- **What to do**
For this exercise, retype the lines from the one that holds "- 오프닝 라이브러리 기능으로 플레이하면서 체스 오프닝 이론을 보기" through the one that holds "图片说明:打击犯罪,保护人民" in the records below, both included, exactly and without pictures.

- **Entries provided**
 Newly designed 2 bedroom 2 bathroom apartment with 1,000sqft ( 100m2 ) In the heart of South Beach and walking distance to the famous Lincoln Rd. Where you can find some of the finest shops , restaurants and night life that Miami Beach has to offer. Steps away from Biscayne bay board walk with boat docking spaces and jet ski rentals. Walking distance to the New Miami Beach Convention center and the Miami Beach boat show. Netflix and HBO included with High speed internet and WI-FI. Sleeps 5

--

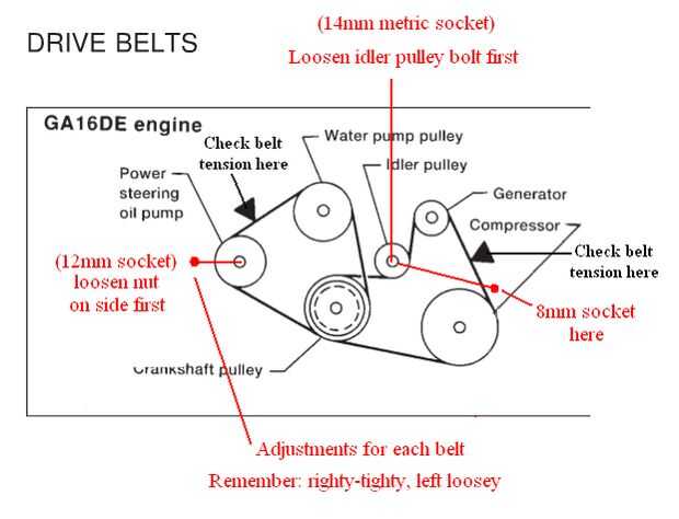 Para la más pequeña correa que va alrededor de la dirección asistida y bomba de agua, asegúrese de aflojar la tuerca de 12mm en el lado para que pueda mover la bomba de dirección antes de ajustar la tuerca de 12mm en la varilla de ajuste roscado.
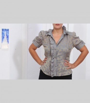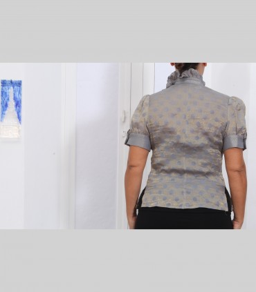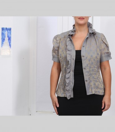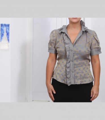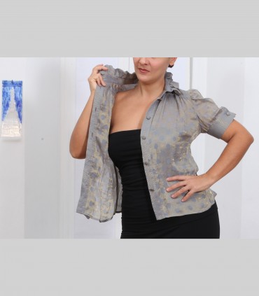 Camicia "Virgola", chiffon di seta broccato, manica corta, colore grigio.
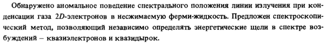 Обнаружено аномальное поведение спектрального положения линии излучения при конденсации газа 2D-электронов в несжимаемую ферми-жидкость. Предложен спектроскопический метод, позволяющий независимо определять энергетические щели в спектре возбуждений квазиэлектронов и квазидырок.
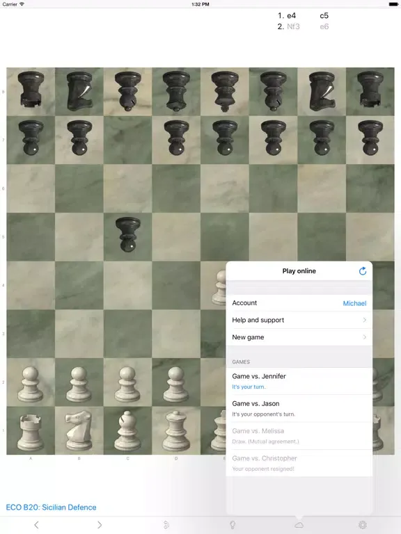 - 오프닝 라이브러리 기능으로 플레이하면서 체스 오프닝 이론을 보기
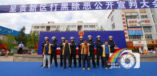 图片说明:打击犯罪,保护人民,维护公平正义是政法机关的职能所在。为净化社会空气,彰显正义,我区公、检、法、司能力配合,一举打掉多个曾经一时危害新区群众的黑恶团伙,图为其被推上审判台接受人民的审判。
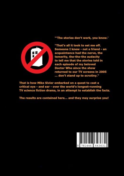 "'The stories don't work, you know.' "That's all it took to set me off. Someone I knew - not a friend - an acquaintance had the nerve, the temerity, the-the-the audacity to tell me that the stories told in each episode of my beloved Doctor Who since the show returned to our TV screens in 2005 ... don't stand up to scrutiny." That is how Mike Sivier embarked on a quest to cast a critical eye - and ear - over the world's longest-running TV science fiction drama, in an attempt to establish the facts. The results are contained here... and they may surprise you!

- **Result for this task**
 - 오프닝 라이브러리 기능으로 플레이하면서 체스 오프닝 이론을 보기
 图片说明:打击犯罪,保护人民,维护公平正义是政法机关的职能所在。为净化社会空气,彰显正义,我区公、检、法、司能力配合,一举打掉多个曾经一时危害新区群众的黑恶团伙,图为其被推上审判台接受人民的审判。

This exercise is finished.